YOUR ASSIGNMENT:
Pictures are to be left out, and only the lines from the one with "Sukienka RESERVED Eco" through the last line of the listing below are to be repeated exactly.

=== Begin Enclosure ===

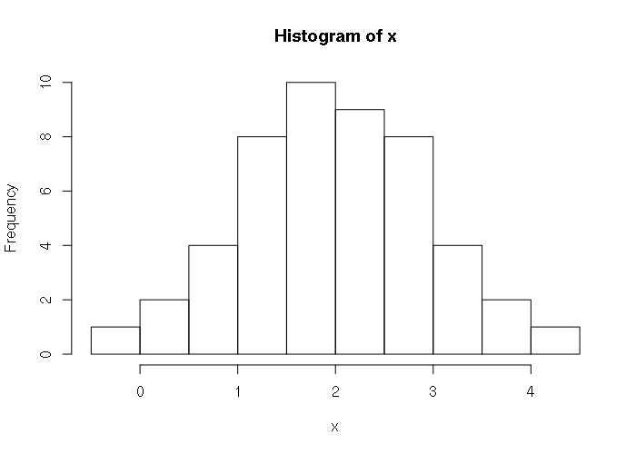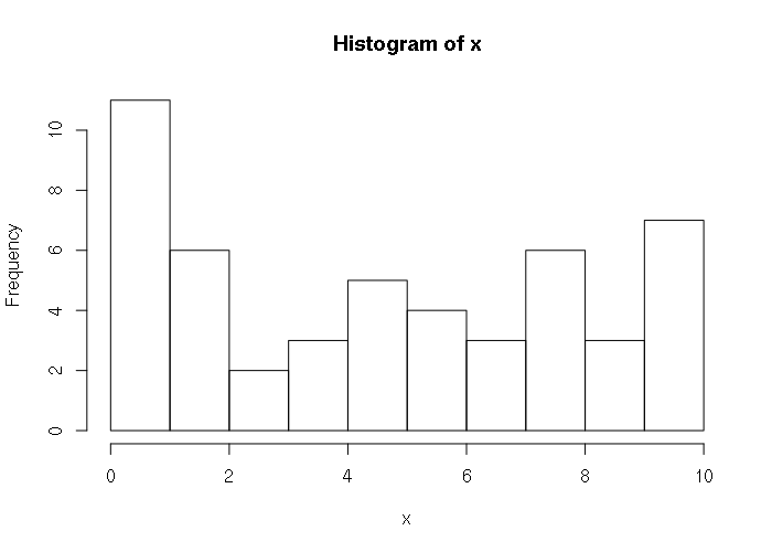 > x = as.integer(round(runif(50, 0, 10))) > x [1] 2 7 6 2 0 7 1 5 7 4 8 1 9 10 1 1 0 10 8 9 2 6 8 5 10 [26] 10 3 10 8 5 6 4 4 10 10 5 2 2 1 1 5 6 1 2 1 8 9 1 8 3 > hist(x, breaks=11)
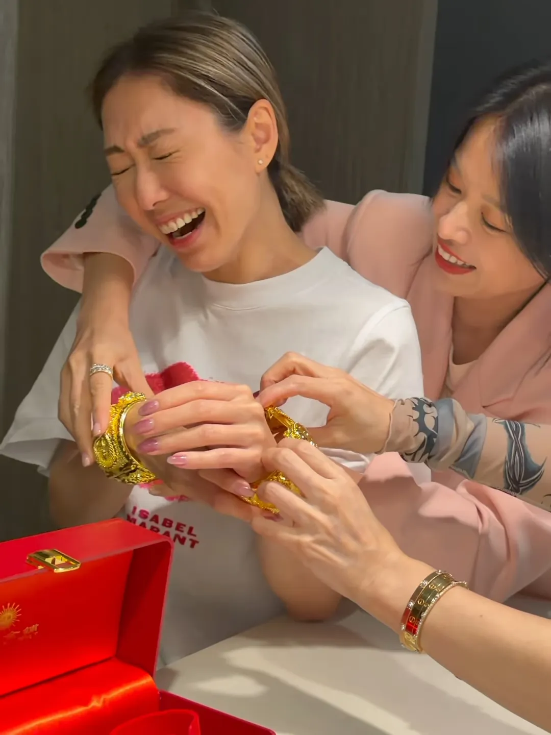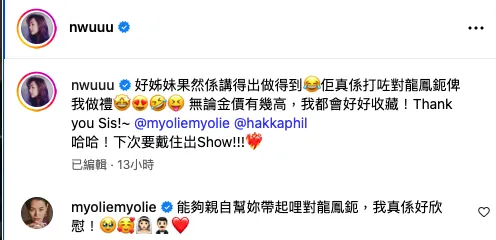 日前,胡定欣與胡杏兒、陳山聰夫婦、袁偉豪夫婦及單立文夫婦聚會,胡杏兒特意送上了一對斤兩十足的巨型流星錘龍鳳鈪作為禮物,令胡定欣感動不已。她在社交媒體上表示:「好姊妹果然係講得出做得到,無論金價有幾高,我都會好好收藏!Thank you Sis!~」
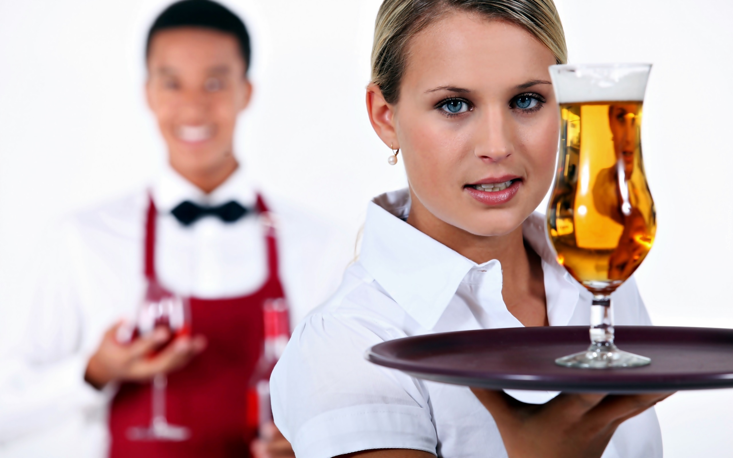 Edytor tapety: Kelnerka, Taca, Pokal, Piwo, Rozmycie
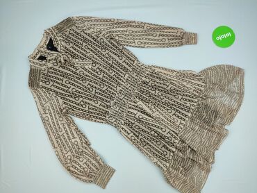 Sukienka RESERVED Eco Aware - Model: mini z długim rękawem - Wzór: beżowo‑czarny, inspirowany zwierzęcym printem (nieregularne kropki/plamki) - Dekolt: V z listwą zapinaną na guziki z przodu - Tal...
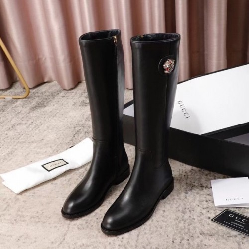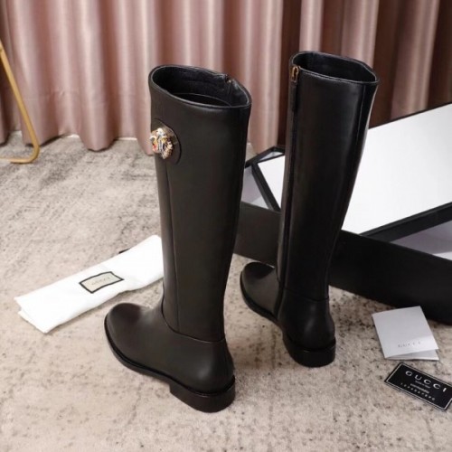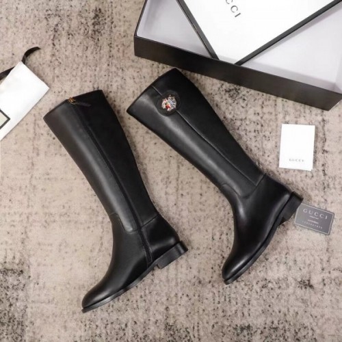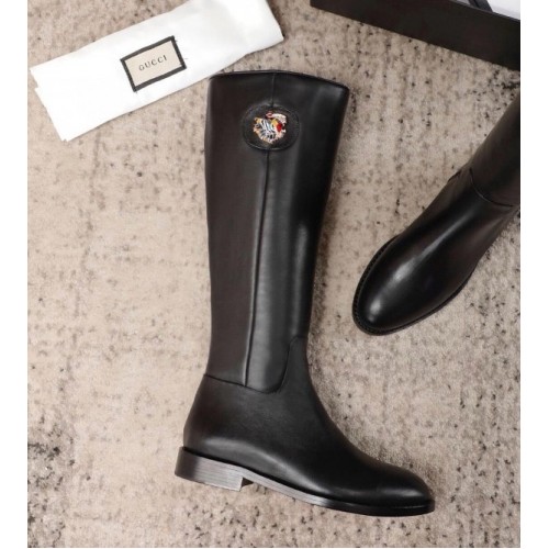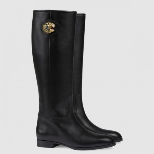 The black leather flat boot has a sleek design that goes to the knee. The side is embellished with a gold metal tiger head encrusted with sparkling crystals and colored enamel. A detail borrowed from the Rajah handbag line, it is reminiscent of a vintage brooch by Hattie Carnegie—a legendary jewelry and fashion designer in the 1920s-1950s.

=== End Enclosure ===

EXERCISE ANSWER:
 Sukienka RESERVED Eco Aware - Model: mini z długim rękawem - Wzór: beżowo‑czarny, inspirowany zwierzęcym printem (nieregularne kropki/plamki) - Dekolt: V z listwą zapinaną na guziki z przodu - Tal...
 The black leather flat boot has a sleek design that goes to the knee. The side is embellished with a gold metal tiger head encrusted with sparkling crystals and colored enamel. A detail borrowed from the Rajah handbag line, it is reminiscent of a vintage brooch by Hattie Carnegie—a legendary jewelry and fashion designer in the 1920s-1950s.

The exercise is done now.